*WHAT THIS TASK INVOLVES:* Only the lines from the one that includes "揭牌儀式首先由永興一中校長(zhǎng)" through the last line below belong in the reply, copied exactly and without pictures.
***** DATA SEGMENT *****
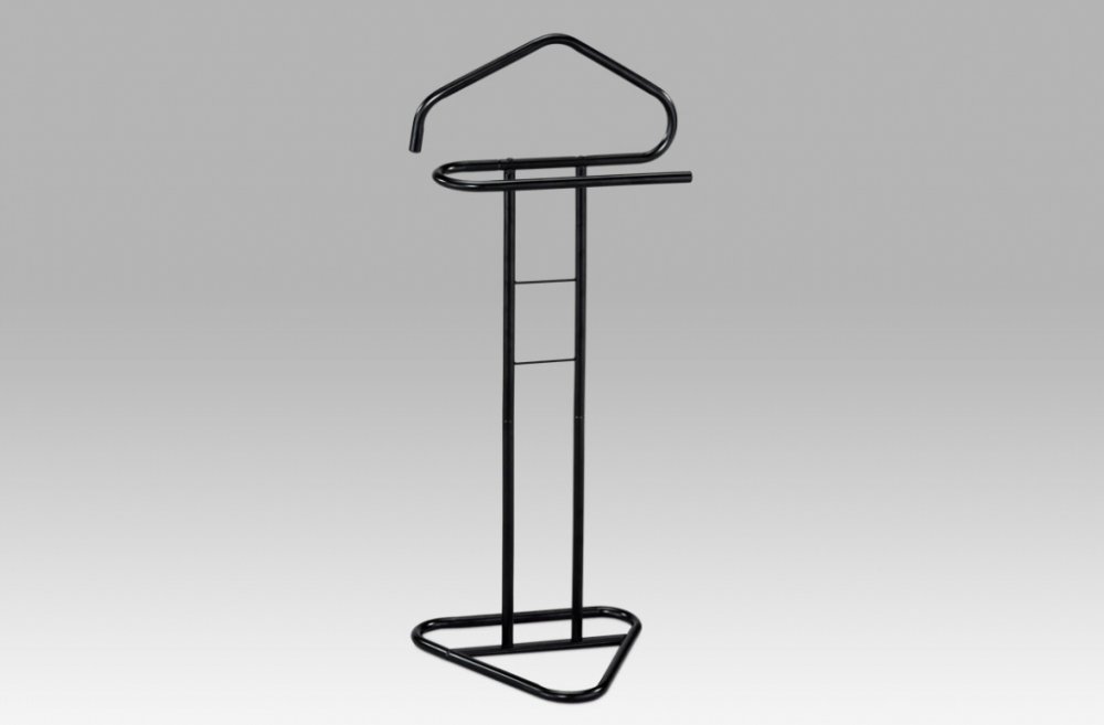 Praktický němý sluha v minimalistickém designu. Konstrukce je z kovových trubek pr. 19 mm. Povrchová úprava je v černém matném práškovém laku. Výška 108 cm Vám umožní zavěšení oblečení i doplňků bez pomačkání. Nosnost stojanu jsou 4 kg, hmotnost necelé 2 kg. I proto je jednoduše přenositelný a lze ho umístit podle momentální potřeby i nálady. Stylem a jednoduchostí se hodí do jakéhokoli interiéru....
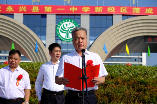 揭牌儀式首先由永興一中校長(zhǎng)胡兆文致辭。他指出,永興一中項(xiàng)目建設(shè)是造福當(dāng)?shù)匕傩盏囊豁?xiàng)重大民生工程,是功在當(dāng)代,利在千秋的一件大事。他希望學(xué)生們心懷天下做有家國(guó)情懷的人,意志堅(jiān)韌做積極進(jìn)取的人,心胸開闊做陽(yáng)光大度的人,心存善意做助人為樂(lè)的人。最后,他祝學(xué)生們?cè)谛碌膶W(xué)校快樂(lè)成長(zhǎng)。
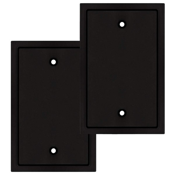 Modern Edge Switch Plate Wall Plate Outlet Cover, Durable Solid Zinc Alloy (Single Blank 2PK, Matte Black)
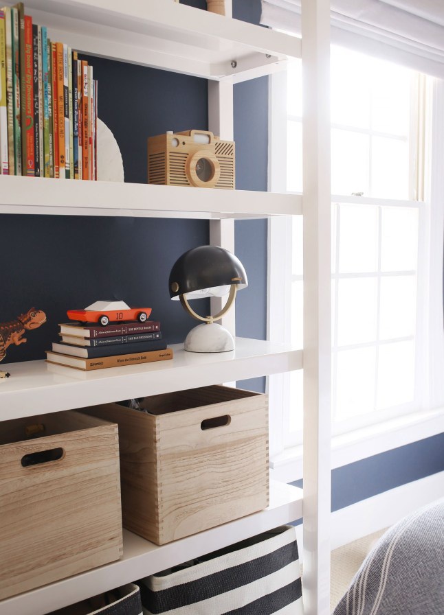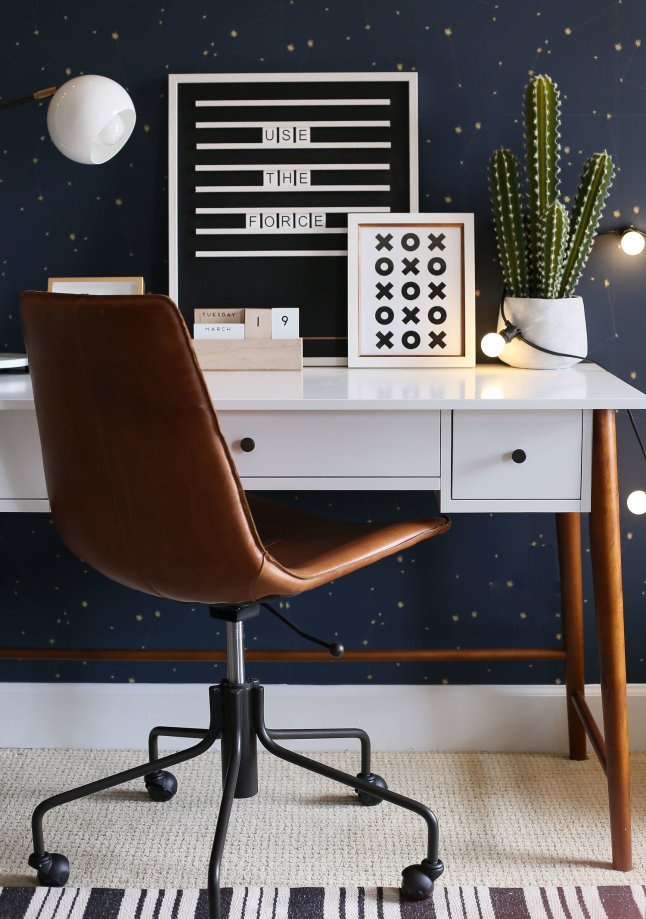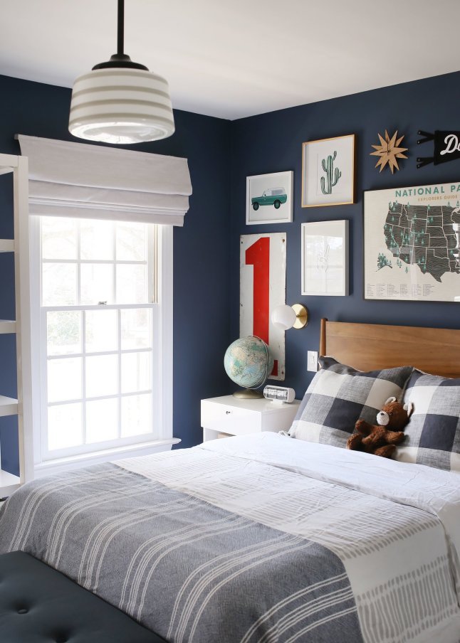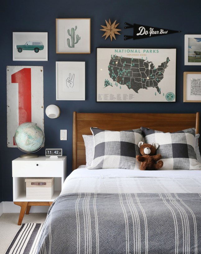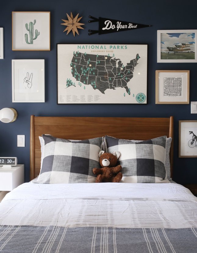 A sötétkék, csillagmintás tapéta, a lelógó bolygókkal és a nemzeti parkokat bemutató térkép jól tükrözi ezt, a kék-fehér variálása pedig üdévé varázsolja a szobát. Ezzel az új mélykék díszítéssel, mely csillagokból és bolygókból készült, egy "klasszikusan hűvös" hangulatot választott, amely tökéletesen megfelel a növekvő gyermeknek.
*****
*TASK ANSWER:*
 揭牌儀式首先由永興一中校長(zhǎng)胡兆文致辭。他指出,永興一中項(xiàng)目建設(shè)是造福當(dāng)?shù)匕傩盏囊豁?xiàng)重大民生工程,是功在當(dāng)代,利在千秋的一件大事。他希望學(xué)生們心懷天下做有家國(guó)情懷的人,意志堅(jiān)韌做積極進(jìn)取的人,心胸開闊做陽(yáng)光大度的人,心存善意做助人為樂(lè)的人。最后,他祝學(xué)生們?cè)谛碌膶W(xué)校快樂(lè)成長(zhǎng)。
 Modern Edge Switch Plate Wall Plate Outlet Cover, Durable Solid Zinc Alloy (Single Blank 2PK, Matte Black)
 A sötétkék, csillagmintás tapéta, a lelógó bolygókkal és a nemzeti parkokat bemutató térkép jól tükrözi ezt, a kék-fehér variálása pedig üdévé varázsolja a szobát. Ezzel az új mélykék díszítéssel, mely csillagokból és bolygókból készült, egy "klasszikusan hűvös" hangulatot választott, amely tökéletesen megfelel a növekvő gyermeknek.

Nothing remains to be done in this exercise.